You Can’t Prove a Theory
Most scientists prefer to think of a theory as a perpetual work in progress. Even after mountains of evidence have been accumulated to support it, they keep it on probation with the possibility that some new evidence might contradict it or some better explanation might come along.
Albert Einstein’s famous Theory of Relativity is still being tested by scientists. It has held up very well for many years, but there are still aspects of it that need confirmation. It’s not an easy theory to test.
Charles Darwin’s Theory of Evolution, as it’s popularly known, is very well supported by research and evidence, but it’s still being tested. Interestingly, a recent survey of Americans found that 31 percent of them don’t believe the theory is “true.” Apparently they know something that tens of thousands of scientists don’t.
America Remains a Pre-Scientific Society
On the whole, Americans tend to admire “science” from afar and they tend to appreciate the many benefits and comforts that science and engineering have brought them. But up close, many of them prefer to substitute religious, creationist doctrines, traditional beliefs, hearsay, rumors, and simple ignorance for scientific thinking.

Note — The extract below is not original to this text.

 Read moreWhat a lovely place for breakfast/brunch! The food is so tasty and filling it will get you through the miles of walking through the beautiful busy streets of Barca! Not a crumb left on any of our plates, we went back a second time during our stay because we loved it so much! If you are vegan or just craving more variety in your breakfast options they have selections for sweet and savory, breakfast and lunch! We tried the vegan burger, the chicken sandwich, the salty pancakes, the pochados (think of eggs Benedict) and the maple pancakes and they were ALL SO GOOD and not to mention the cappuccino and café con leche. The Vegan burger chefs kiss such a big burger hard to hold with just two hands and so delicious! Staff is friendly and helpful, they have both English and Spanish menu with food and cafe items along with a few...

Case in point: six percent of Americans polled don’t believe that astronauts ever landed on the moon. Another 5 percent are undecided. On the other hand, as many as one-third of those polled believe UFOs are alien spacecraft.
Immediately after the assassination of US President John F. Kennedy, a large and growing fan club coalesced around various conspiracy claims about who killed him and why. Each proposition had its loyal followers and most of them declared that the US government was covering up the truth. (The cover-up component seems to be an essential part of the mystery.)
A similar fan club formed after the infamous “9-11” suicide-bombing attacks on the World Trade Center in New York and on the Pentagon. It was actually “perpetrated by the US government,” some claimed. “No,” said others, “it was done by the Jews, sponsored by Israel.” “No, no, no—it was a ‘false flag’ operation (a favorite term of conspiracists who are in the know), set up to justify the invasion of Iraq.” “It wasn’t an airplane that crashed into the Pentagon—it was a missile.”
More recently, a sizable fan club of Americans (who almost universally describe themselves as Republican voters) has rallied around the claim that the 2020 presidential election was somehow rigged against the Republican candidate and in favor of his Democrat opponent. Despite the fact that the US election system has been known as one of the fairest and most accurate systems in the world for over 200 years, 78 percent of Republican voters were willing to accept the claim. A series of recounts in swing states, partisan “investigations,” and over 50 court cases failed to prove any significant amount of voting fraud, and yet millions of them chose to go on believing.
Would it be possible to educate or re-educate the 25 percent of Americans who can’t seem to tell the difference between science and fiction? That’s a topic for another conversation.
Meanwhile . . .
What Shall We Call Them?
Let’s stop dignifying hare-brained claims with the label of “theory” and give them a new, official, standard name. Hereafter, let’s refer to them as conspirastories.